Barbara Hammer: Boundless explores five decades of Hammer’s work—highlighting themes of desire, feminist community, health and wellness, historical and archival research, and self-representation. These threads consistent throughout Hammer’s work point to a pioneering filmography of queer experimentation. Featuring newly restored prints from the Academy Film Archive and Electronic Arts Intermix, this program at IU Cinema and IU Libraries Moving Image Archive is a unique opportunity to pay homage to a female filmmaker whose legacy will continue to have a profound impact on queer filmmaking and art history.

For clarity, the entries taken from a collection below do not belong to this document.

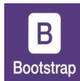
Gambar 3. Bootstrap

Adalah library Framework CSS yang dikhususkan untuk pengembangan front-end dari suatu website. Library memiliki beberapa jenis file diantaranya HTML, CSS, dan Javascript.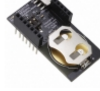
RFD22128 RF Digital RFDUINO CR2032 SHIELD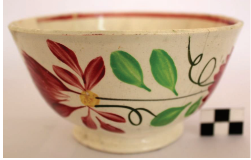
Fot. 7: İngiltere'den ithal Scottish Spongware olarak adlandırılan ve Staffordshire üretimi olduğunu düşündüğümüz seramiklerden. (Kazı Arşivi)

2017 yılında gerçekleştirilen kazılarda, yapı topluluğunun X no.'lu mekanında (b9-b8 açmalarında) bulunan, Opaque de Sarreguemes damgalı çukur tabağın iç yüzünde Osmanlıca olarak " Buyurunuz efendim... " iyi dilekleri yazar. 36 (Fot. 9) 19. yüzyılda Avrupa'da, Osmanlı piyasasına hitap eden seramikler üretilmiştir. 37 Bu tabak

This series is sponsored by Cinema and Media Studies, Department of Art History, IU Libraries Moving Image Archive, and IU Cinema.

 

Additional Boundless Films:

Barbara Hammer: The Beginning*

(1968–78) Directed by Barbara Hammer

January 16 – Wednesday – 7 pm

Free, but reservations required: http://iub.libcal.com/calendar/screening-room.

*Screening takes place in the IU Libraries Moving Image Archive Screening Room in the Herman B Wells Library.

The program will be preceded by a recorded introduction by Director Barbara Hammer.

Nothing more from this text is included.